For the entries that follow, restate word for word the line containing "Small sitting area near fireplace in kitchen.", the line containing "Komik Safari Hayvanları", and every line that lies between them.
··· EXTRACTED ENTRIES
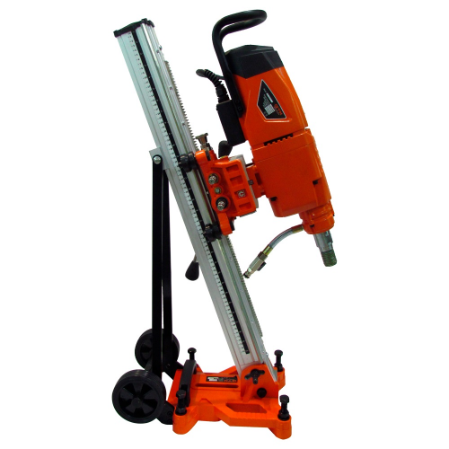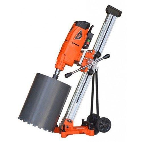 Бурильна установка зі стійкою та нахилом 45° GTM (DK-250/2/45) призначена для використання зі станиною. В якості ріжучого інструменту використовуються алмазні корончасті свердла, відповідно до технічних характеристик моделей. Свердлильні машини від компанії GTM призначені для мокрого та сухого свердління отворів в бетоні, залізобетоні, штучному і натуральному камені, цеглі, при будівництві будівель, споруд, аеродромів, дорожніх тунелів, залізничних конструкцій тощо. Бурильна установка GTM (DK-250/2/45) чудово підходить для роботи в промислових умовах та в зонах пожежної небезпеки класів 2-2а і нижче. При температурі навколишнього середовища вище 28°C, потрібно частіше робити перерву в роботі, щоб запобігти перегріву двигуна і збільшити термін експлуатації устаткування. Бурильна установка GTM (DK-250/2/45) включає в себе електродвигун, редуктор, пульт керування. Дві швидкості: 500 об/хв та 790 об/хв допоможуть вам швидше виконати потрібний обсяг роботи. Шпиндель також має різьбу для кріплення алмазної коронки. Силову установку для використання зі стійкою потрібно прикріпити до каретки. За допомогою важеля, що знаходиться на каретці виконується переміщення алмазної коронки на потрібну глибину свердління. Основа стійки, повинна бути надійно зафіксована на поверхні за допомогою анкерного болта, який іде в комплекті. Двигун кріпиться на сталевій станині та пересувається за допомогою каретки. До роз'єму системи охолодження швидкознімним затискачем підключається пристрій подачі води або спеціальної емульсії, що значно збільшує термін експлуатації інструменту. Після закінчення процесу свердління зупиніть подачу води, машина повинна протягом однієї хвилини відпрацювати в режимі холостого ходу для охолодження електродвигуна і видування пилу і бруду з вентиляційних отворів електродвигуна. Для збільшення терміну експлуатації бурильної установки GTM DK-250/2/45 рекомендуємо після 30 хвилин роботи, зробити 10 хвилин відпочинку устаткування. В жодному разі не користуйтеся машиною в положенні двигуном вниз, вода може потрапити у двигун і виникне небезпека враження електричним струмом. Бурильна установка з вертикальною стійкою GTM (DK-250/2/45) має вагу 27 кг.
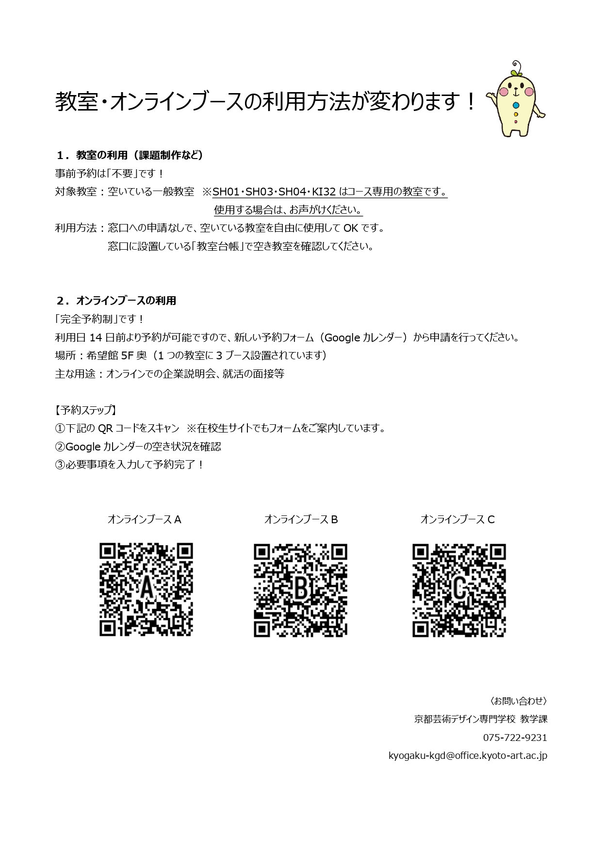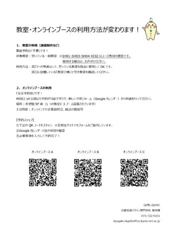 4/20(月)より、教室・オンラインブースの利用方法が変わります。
······
··· EXTRACTED ENTRIES
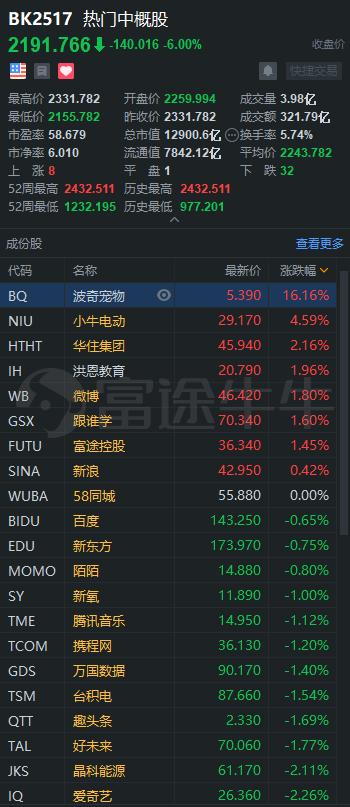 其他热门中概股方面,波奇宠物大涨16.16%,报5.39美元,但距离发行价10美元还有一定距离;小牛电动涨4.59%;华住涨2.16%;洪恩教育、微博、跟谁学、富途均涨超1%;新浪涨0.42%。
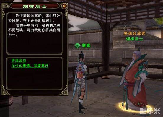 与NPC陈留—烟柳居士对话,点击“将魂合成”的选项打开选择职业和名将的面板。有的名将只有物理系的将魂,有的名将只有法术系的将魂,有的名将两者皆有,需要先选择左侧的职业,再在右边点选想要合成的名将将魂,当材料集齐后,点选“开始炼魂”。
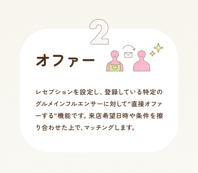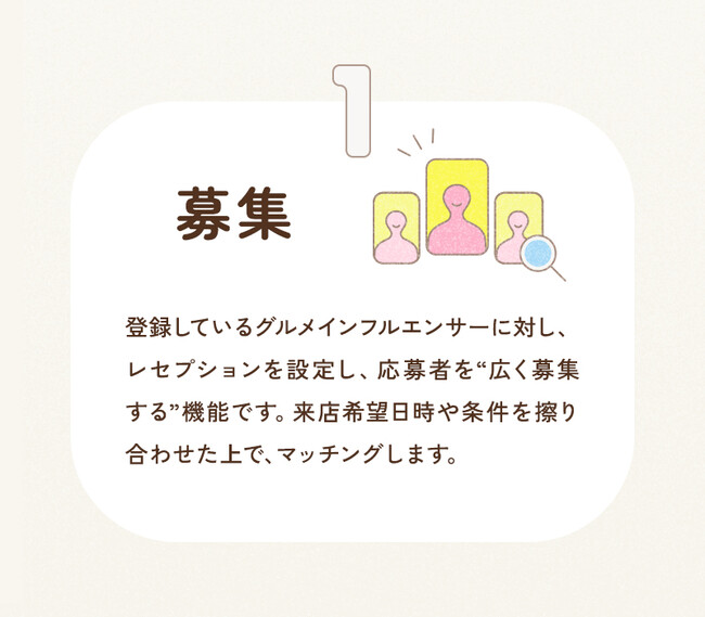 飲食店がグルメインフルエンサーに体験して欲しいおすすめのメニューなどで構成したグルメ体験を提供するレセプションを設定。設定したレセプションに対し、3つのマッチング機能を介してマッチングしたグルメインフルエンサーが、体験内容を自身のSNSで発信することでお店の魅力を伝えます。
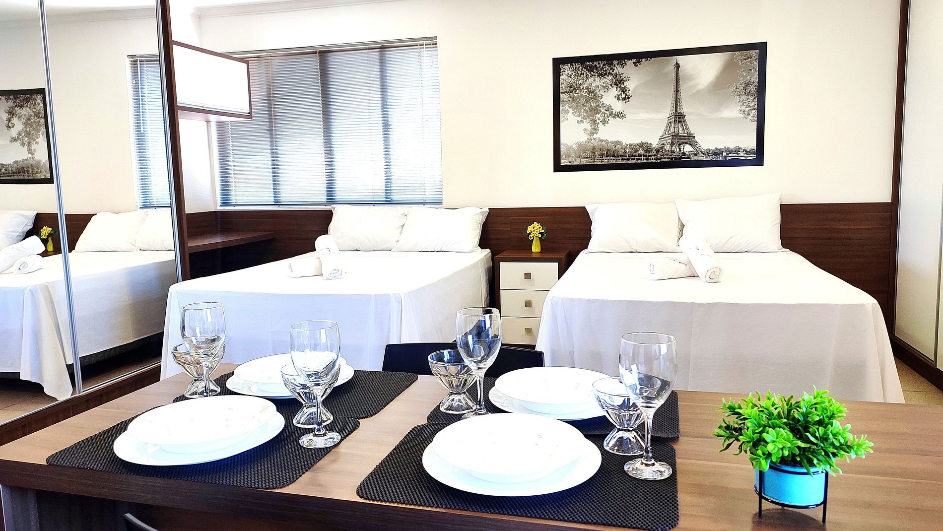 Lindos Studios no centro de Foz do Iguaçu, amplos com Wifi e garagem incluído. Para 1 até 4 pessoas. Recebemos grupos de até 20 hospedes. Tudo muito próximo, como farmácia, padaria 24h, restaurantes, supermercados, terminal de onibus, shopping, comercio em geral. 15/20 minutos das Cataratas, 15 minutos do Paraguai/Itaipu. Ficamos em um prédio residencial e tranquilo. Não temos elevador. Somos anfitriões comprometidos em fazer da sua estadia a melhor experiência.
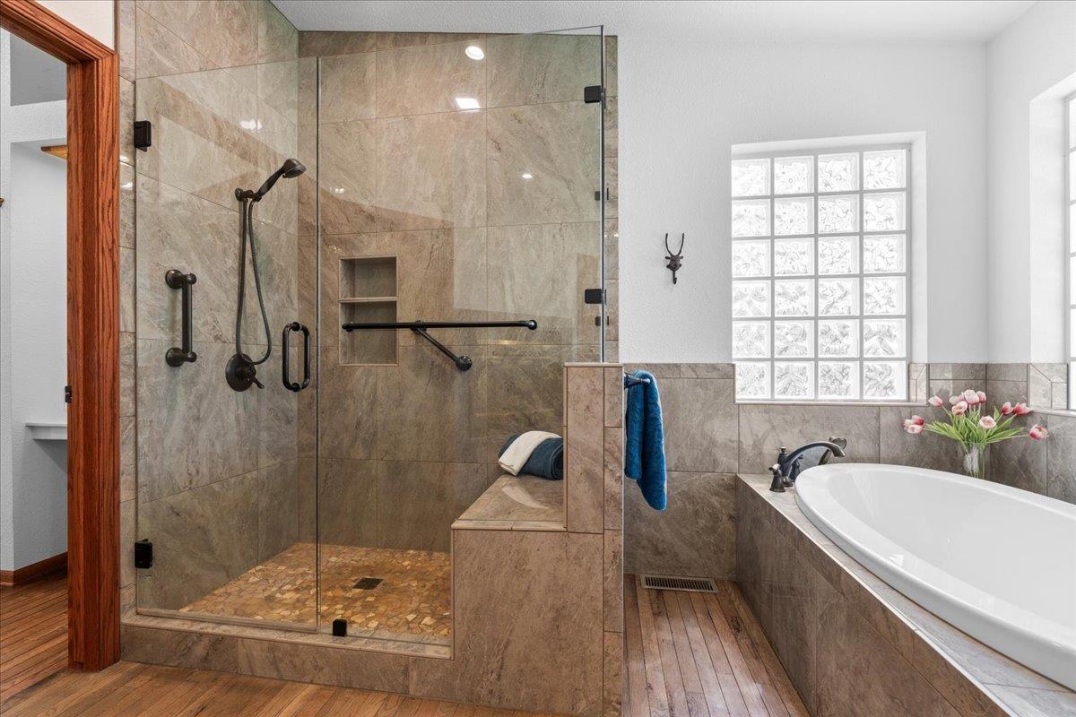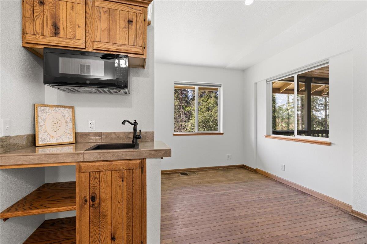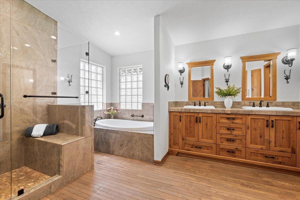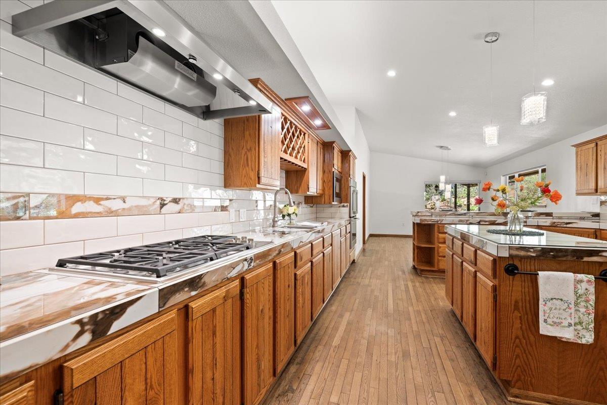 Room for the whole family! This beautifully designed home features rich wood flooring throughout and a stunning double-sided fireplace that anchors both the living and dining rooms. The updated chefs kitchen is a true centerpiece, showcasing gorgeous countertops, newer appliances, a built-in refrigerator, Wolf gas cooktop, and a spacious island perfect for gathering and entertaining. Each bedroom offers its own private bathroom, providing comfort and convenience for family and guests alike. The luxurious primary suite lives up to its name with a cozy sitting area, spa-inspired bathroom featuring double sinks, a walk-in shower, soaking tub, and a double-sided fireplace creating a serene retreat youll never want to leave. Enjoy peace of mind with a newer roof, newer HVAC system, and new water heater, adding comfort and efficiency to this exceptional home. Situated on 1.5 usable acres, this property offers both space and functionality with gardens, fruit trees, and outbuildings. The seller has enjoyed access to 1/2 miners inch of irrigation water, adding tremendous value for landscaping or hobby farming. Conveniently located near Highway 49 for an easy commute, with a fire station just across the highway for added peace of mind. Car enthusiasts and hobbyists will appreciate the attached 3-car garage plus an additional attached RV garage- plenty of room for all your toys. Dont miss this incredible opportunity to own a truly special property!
······
··· EXTRACTED ENTRIES
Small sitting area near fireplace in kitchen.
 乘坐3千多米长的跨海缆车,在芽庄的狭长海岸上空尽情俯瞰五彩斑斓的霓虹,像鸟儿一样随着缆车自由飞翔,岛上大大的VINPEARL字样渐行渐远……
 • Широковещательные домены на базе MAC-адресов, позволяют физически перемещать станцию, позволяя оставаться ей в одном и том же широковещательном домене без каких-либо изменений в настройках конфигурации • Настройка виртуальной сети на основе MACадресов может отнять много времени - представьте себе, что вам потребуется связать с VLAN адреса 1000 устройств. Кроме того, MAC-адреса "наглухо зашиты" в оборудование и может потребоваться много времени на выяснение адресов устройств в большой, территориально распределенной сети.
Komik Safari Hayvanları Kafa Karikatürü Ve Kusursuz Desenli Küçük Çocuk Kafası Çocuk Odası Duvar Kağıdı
······
* YOUR RESPONSE
Small sitting area near fireplace in kitchen.
 乘坐3千多米长的跨海缆车,在芽庄的狭长海岸上空尽情俯瞰五彩斑斓的霓虹,像鸟儿一样随着缆车自由飞翔,岛上大大的VINPEARL字样渐行渐远……
 • Широковещательные домены на базе MAC-адресов, позволяют физически перемещать станцию, позволяя оставаться ей в одном и том же широковещательном домене без каких-либо изменений в настройках конфигурации • Настройка виртуальной сети на основе MACадресов может отнять много времени - представьте себе, что вам потребуется связать с VLAN адреса 1000 устройств. Кроме того, MAC-адреса "наглухо зашиты" в оборудование и может потребоваться много времени на выяснение адресов устройств в большой, территориально распределенной сети.
Komik Safari Hayvanları Kafa Karikatürü Ve Kusursuz Desenli Küçük Çocuk Kafası Çocuk Odası Duvar Kağıdı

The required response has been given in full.